Cool Ideas is battling a distributed denial of service attack which it says is the biggest it has faced so far.
On 23 November, Cool Ideas issued a notice to subscribers stating that it had limited the Domain Name System servers accessible from its network.
“Due to the issues that we are currently experiencing, please be aware that only Cool Ideas DNS, Google DNS and Cloudflare DNS will be accessible,” it said.
The most recent update from Cool Ideas was at 12:00, when it said that engineers were attending to the issue and there was no estimated time to resolve it.
Feedback from one of the company’s staff members on the MyBroadband forum was that international traffic cleaning services they use had mitigated attack bandwidth in excess of 120Gbps.
South Africa under attack
This distributed denial of service (DDoS) attack on Cool Ideas comes after a similar big attack brought the network to its knees recently.
Cool Ideas has been the target of several attacks over the past few months. The first attack to make headlines was on 11 September, and the second on 21 September over Heritage Day weekend.
The second assault was a type of DDoS attack known as a “carpet bombing” attack, where the Internet service provider’s individual customers were sent large quantities of garbage network traffic.
The traffic was not enough to flood the individual connections of Cool Ideas’ customers. However, the overall traffic on the network eventually added up to the point where the ISP’s core network infrastructure could not cope with the load.
It is a type of attack specifically used against organisations like ISPs with the aim of bringing down their whole network.
Data centre operators, web hosting companies, and large corporate networks – anyone who runs their own pool of IP addresses – are also examples of potential targets of carpet bombing attacks.
Cool Ideas is not the only ISP attacked in this way. South Africa has faced the largest cyber attacks it has ever seen, with banks, ISPs, and the government being targeted in 2019.
ISPs under attack
On 19 October, Cybersmart was hit by a large DDoS attack which caused intermittent connectivity over two days.

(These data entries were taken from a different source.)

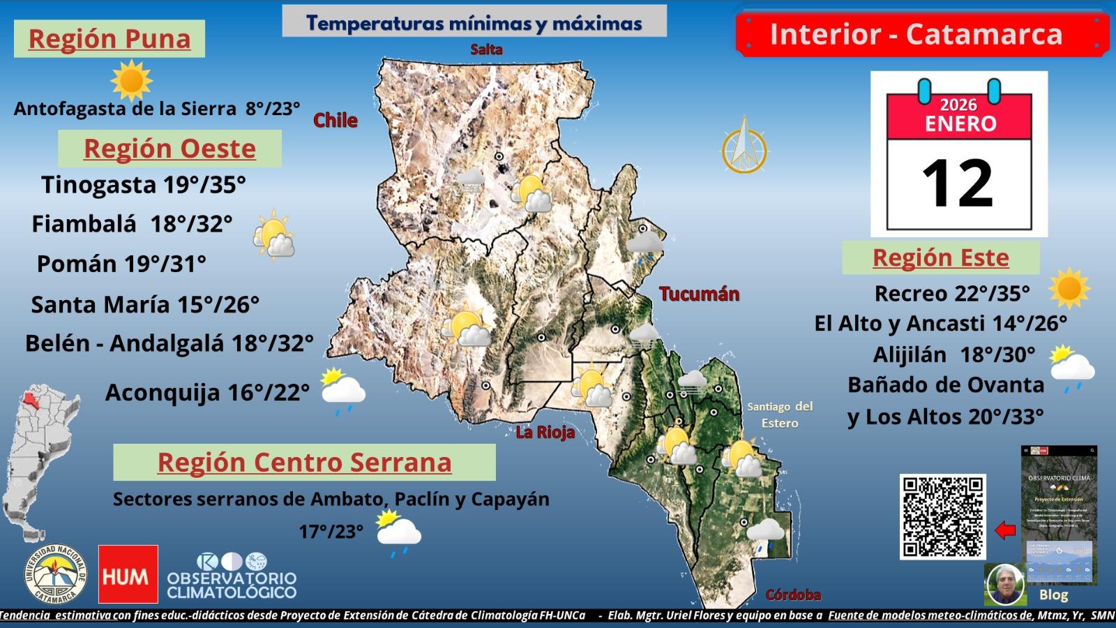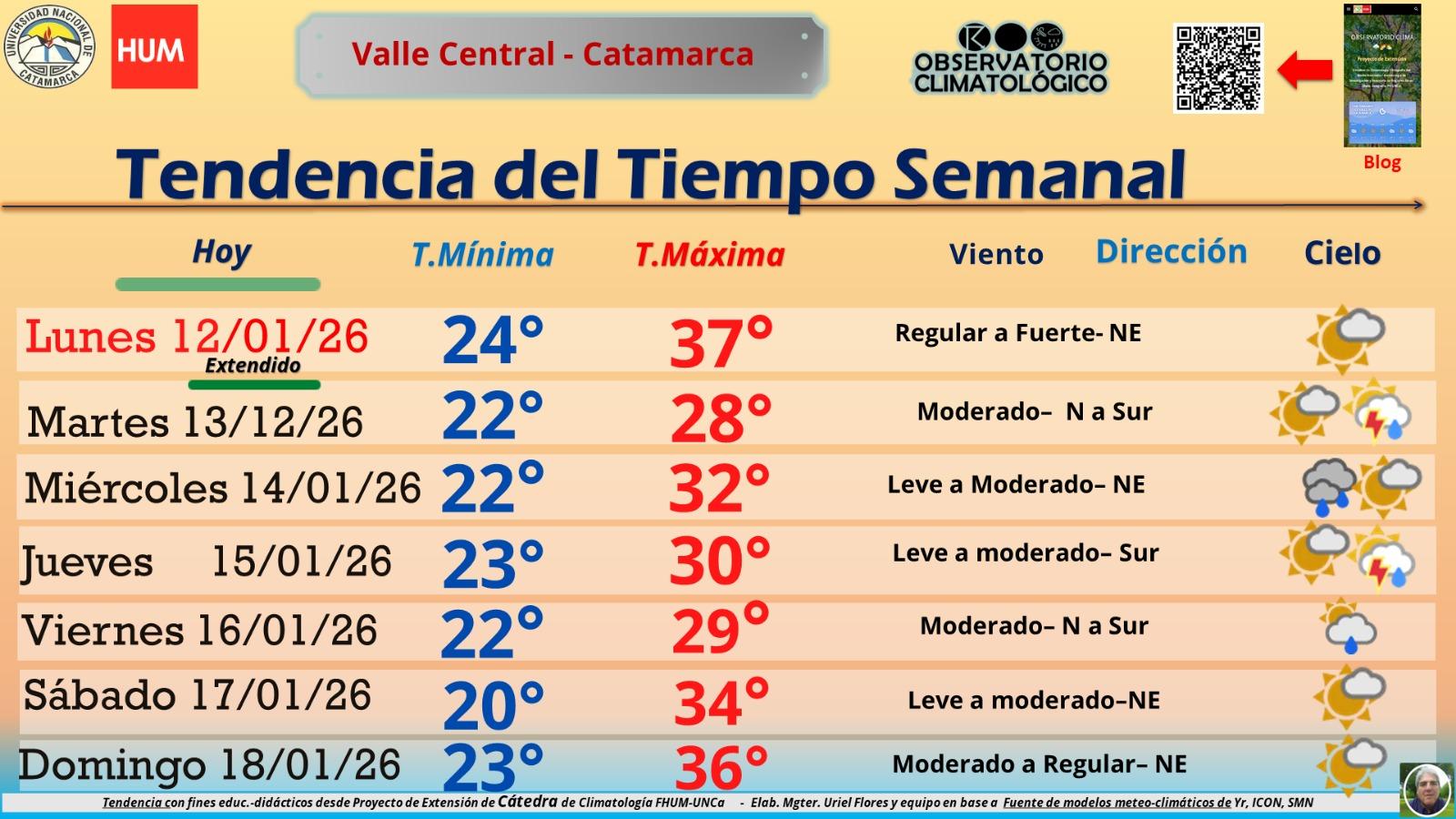 Durante el período comprendido entre el lunes 12 y el sábado 18 de enero de 2026, el Valle Central de Catamarca estará marcado por un ambiente caluroso al inicio de la semana, con temperaturas máximas elevadas y noches templadas, especialmente entre el domingo y el lunes, cuando los registros térmicos alcanzarán valores cercanos a los 36–37 °C.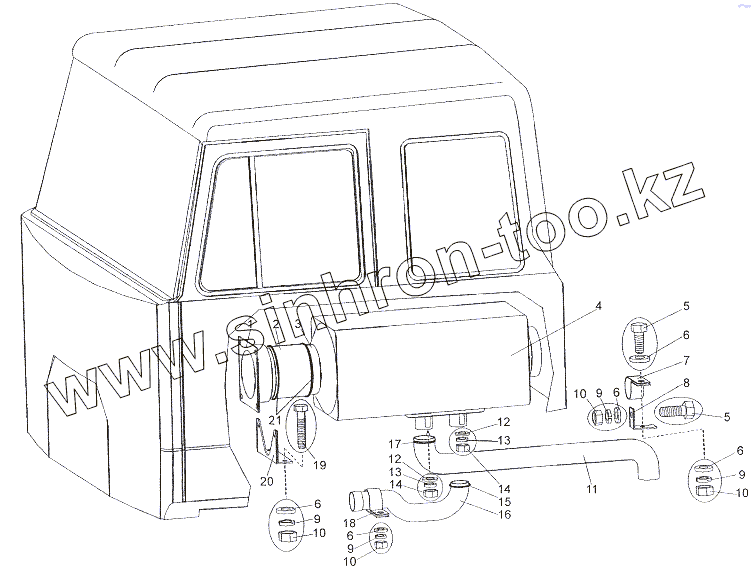 Каталог запасных частей к технике: МЗКТ-6527. Установка отопителя независимого действия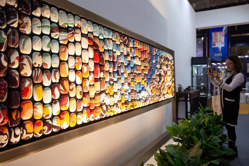 2019年11月7日,参观者在首届中国工艺美术博览会上参观。

Afrihost, Axxess, and Webafrica were also hit by a very large DDoS attack which affected DSL and fibre subscribers.
The attack, which also targeted parts of Liquid Telecom’s network, measured in excess of 100Gbps. The attack was mitigated, but a new attack was launched on the ISPs’ upstream providers the following day.
Banks hit with DDoS attacks
On 23 October, the South African banking industry was hit by a wave of DDoS attacks targeting consumer-facing services.
These attacks were accompanied by a ransom note which was sent to publicly-available staff email addresses.
“Threat intelligence which has surfaced has revealed that this is a multi-jurisdictional attack, with entities from several countries being targeted,” the South African Banking Risk Information Centre (SABRIC) said.
While the DDoS attacks were disruptive, South African banks refuted reports that sensitive information had been compromised as part of the attack.